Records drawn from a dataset
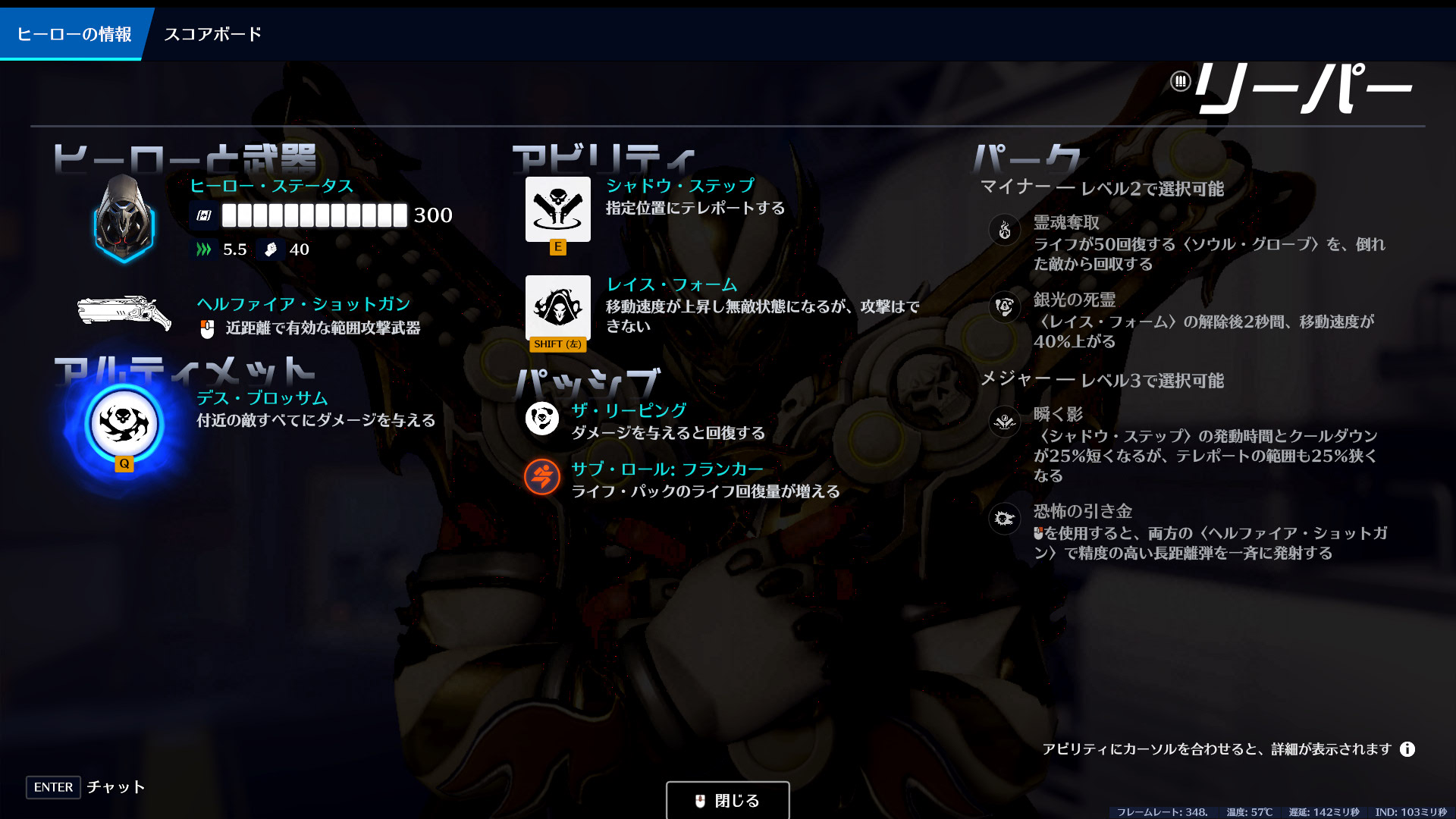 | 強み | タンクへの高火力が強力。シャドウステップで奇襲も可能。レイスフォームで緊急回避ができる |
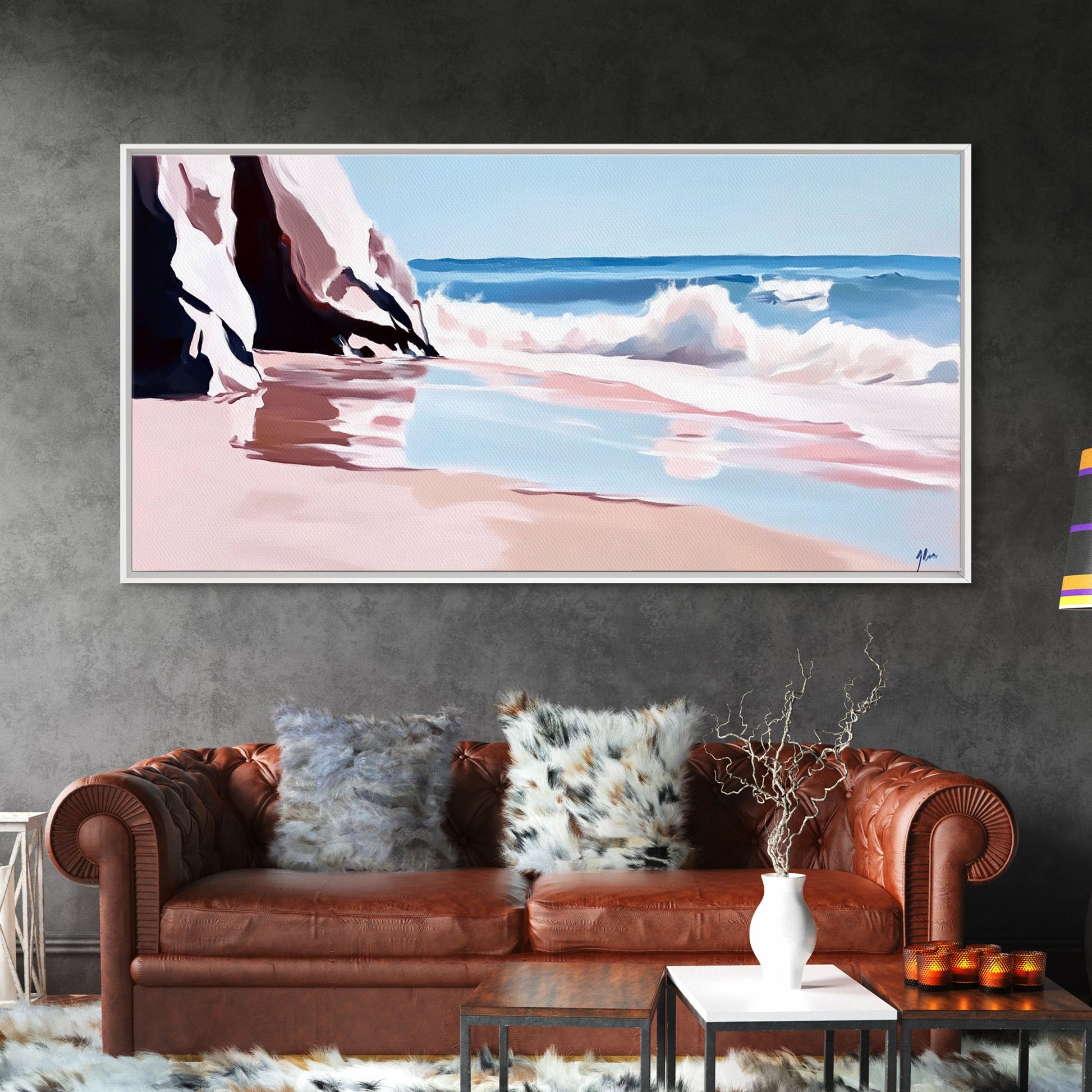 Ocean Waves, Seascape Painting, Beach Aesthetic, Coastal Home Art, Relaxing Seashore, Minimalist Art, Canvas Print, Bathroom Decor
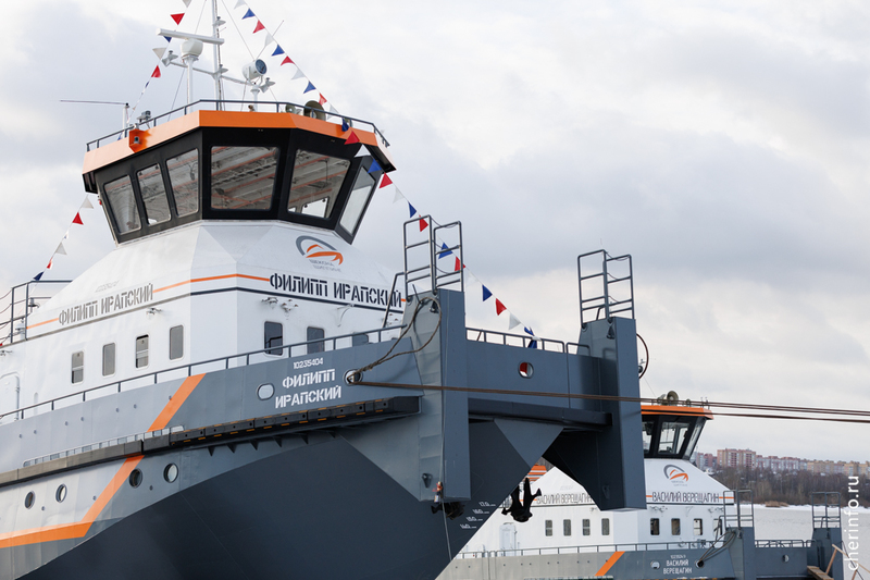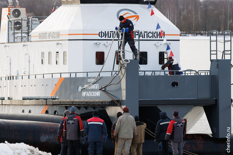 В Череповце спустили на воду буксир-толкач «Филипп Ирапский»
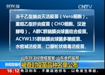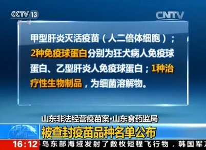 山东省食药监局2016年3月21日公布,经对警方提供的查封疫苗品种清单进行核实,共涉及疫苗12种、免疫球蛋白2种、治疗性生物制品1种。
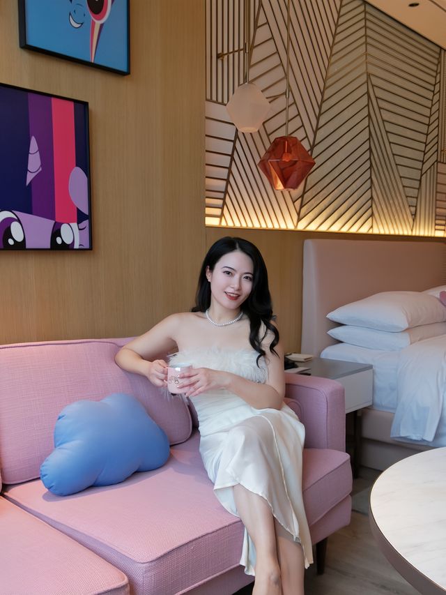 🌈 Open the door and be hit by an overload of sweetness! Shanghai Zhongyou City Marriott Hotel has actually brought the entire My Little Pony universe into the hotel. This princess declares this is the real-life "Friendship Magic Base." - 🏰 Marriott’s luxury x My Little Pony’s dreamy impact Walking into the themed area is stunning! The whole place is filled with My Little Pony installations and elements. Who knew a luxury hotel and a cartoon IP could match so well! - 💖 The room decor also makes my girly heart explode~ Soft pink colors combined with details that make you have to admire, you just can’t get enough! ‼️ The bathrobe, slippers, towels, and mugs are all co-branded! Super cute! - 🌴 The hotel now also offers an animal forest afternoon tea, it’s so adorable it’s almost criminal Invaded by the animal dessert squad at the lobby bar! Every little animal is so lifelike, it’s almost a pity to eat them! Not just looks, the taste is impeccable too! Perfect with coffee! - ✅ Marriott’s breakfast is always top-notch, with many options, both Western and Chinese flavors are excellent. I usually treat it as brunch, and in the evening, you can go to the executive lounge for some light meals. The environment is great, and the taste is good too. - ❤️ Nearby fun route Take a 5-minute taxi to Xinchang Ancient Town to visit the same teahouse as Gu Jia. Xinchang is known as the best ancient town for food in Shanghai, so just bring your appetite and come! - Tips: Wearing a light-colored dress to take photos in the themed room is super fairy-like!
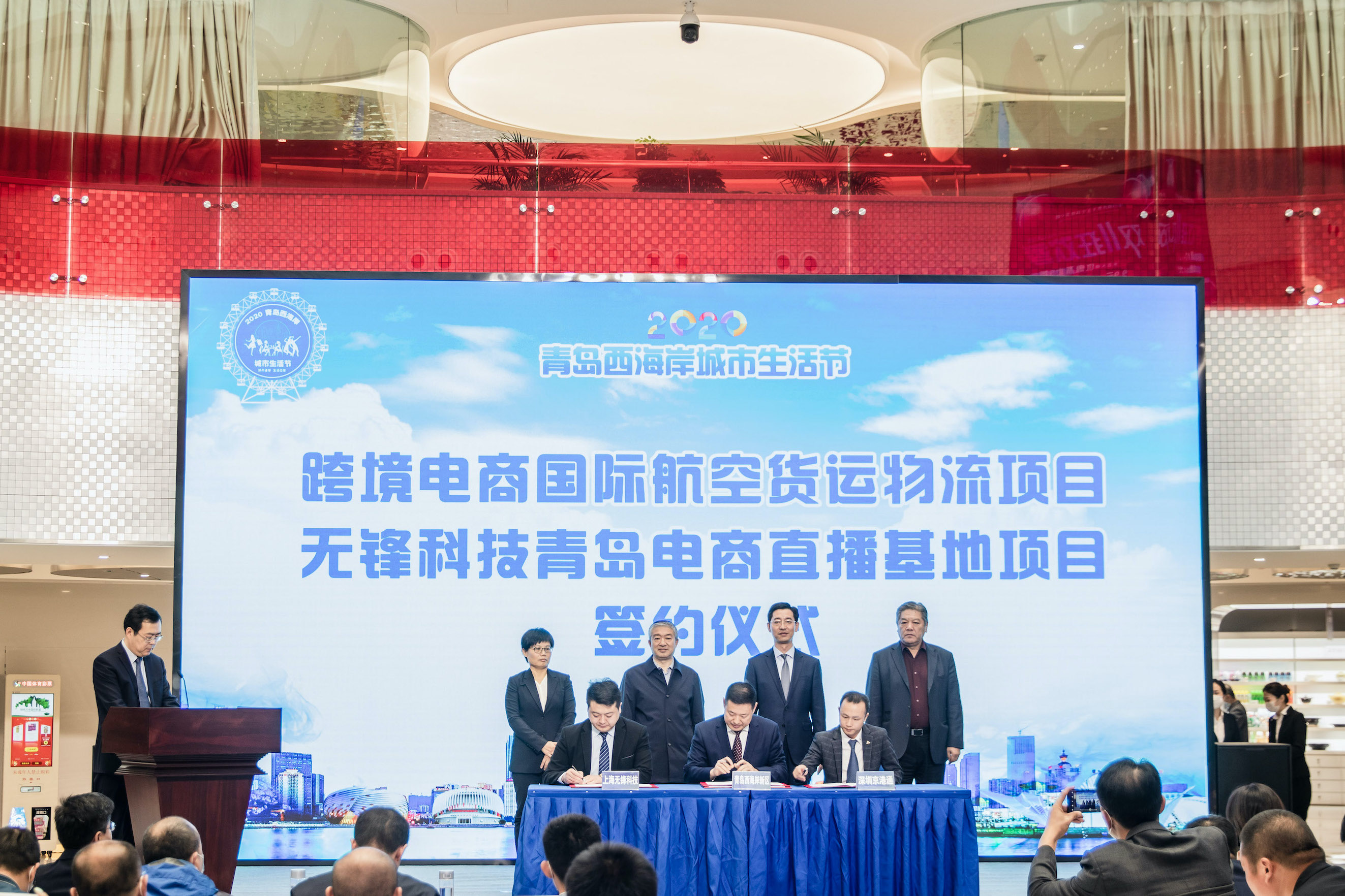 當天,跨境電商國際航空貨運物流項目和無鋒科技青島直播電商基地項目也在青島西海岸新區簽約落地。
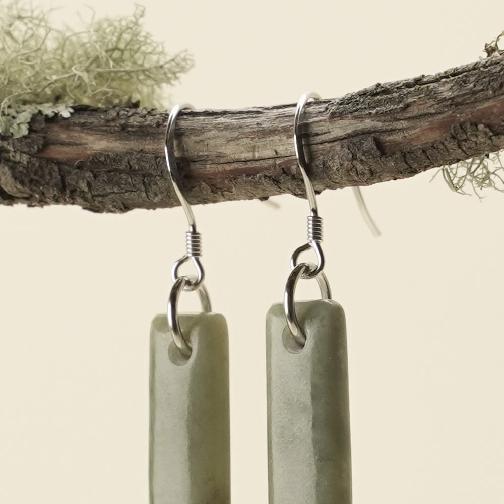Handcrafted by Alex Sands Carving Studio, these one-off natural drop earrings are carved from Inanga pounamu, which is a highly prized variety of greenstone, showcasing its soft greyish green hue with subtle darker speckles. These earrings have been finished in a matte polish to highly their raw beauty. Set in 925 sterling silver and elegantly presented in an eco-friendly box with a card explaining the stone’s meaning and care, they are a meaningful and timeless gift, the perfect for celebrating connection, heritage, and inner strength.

*Aim of the exercise*. Your answer should be the lines from the opening of the records through the line with "山东省食药监局2016年3月", both ends retyped exactly and pictures left out.

*Completed task*.
 | 強み | タンクへの高火力が強力。シャドウステップで奇襲も可能。レイスフォームで緊急回避ができる |
 Ocean Waves, Seascape Painting, Beach Aesthetic, Coastal Home Art, Relaxing Seashore, Minimalist Art, Canvas Print, Bathroom Decor
 В Череповце спустили на воду буксир-толкач «Филипп Ирапский»
 山东省食药监局2016年3月21日公布,经对警方提供的查封疫苗品种清单进行核实,共涉及疫苗12种、免疫球蛋白2种、治疗性生物制品1种。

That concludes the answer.